▶ **PROBLEM TO SOLVE**:
Beginning with the line that contains "北京时间2023年01月10" and ending with the line that contains "SponsoredВ суточном таймфрейме", reproduce the lines of the entries below exactly, omitting pictures.

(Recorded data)
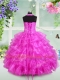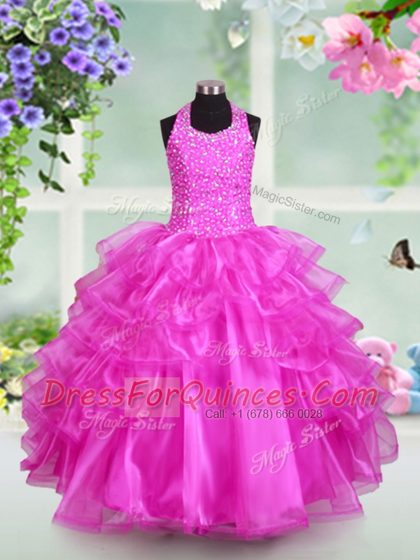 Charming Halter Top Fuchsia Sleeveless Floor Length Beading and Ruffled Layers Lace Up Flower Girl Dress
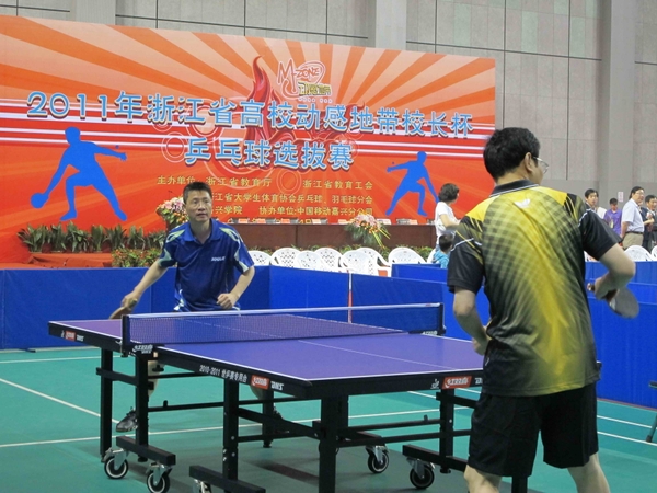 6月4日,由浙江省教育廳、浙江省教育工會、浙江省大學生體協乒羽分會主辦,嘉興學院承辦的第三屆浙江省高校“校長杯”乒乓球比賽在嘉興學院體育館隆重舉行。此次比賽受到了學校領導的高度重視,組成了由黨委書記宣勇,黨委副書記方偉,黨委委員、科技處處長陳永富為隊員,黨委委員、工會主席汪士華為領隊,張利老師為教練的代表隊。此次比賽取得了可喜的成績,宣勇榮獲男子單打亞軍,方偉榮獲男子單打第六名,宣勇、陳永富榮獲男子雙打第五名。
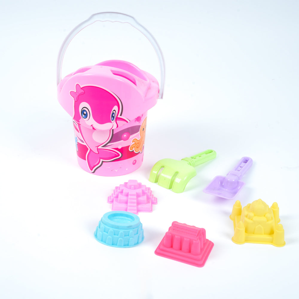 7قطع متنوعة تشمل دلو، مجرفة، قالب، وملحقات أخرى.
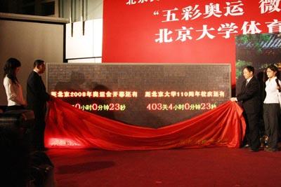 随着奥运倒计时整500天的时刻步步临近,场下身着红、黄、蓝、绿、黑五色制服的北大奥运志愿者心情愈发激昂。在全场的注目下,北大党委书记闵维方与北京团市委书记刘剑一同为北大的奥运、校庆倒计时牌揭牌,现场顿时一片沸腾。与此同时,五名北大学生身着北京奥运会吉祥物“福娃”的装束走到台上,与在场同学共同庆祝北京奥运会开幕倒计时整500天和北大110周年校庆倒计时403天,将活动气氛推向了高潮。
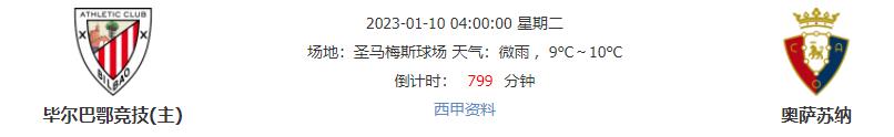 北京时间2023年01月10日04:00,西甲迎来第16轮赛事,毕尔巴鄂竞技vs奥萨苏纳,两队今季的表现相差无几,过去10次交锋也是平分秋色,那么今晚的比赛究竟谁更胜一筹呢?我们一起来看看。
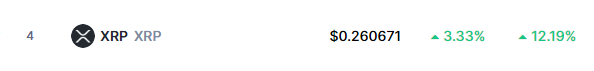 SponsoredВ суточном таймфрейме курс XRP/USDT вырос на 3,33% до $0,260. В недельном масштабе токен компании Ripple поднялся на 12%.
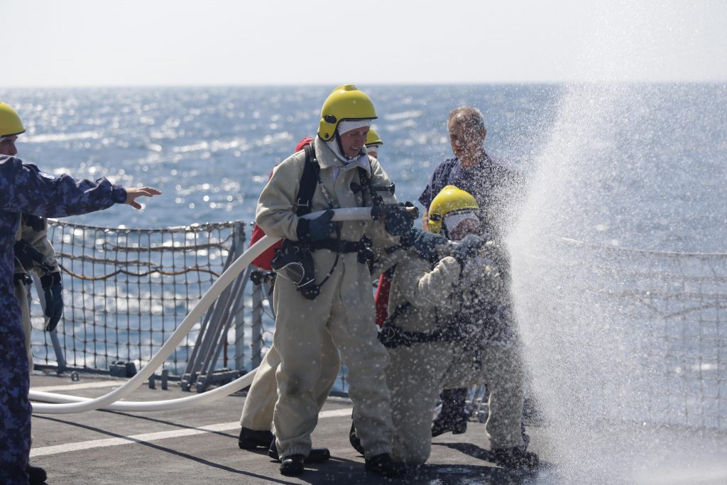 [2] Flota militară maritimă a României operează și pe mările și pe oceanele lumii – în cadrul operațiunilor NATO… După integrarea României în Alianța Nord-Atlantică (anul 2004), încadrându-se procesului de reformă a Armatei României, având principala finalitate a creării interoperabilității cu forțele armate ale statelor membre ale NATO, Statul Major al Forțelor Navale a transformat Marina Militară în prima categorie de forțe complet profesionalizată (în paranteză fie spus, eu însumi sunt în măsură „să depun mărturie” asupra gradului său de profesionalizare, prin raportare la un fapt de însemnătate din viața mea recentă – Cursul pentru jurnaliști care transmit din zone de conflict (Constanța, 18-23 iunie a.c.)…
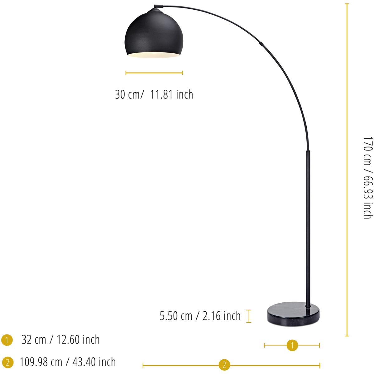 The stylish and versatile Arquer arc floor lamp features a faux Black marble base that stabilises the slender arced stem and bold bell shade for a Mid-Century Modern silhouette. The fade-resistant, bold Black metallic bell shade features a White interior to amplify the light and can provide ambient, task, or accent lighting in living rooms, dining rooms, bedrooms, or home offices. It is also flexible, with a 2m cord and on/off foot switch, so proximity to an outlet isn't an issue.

▶ **OUTPUT BELOW**:
 北京时间2023年01月10日04:00,西甲迎来第16轮赛事,毕尔巴鄂竞技vs奥萨苏纳,两队今季的表现相差无几,过去10次交锋也是平分秋色,那么今晚的比赛究竟谁更胜一筹呢?我们一起来看看。
 SponsoredВ суточном таймфрейме курс XRP/USDT вырос на 3,33% до $0,260. В недельном масштабе токен компании Ripple поднялся на 12%.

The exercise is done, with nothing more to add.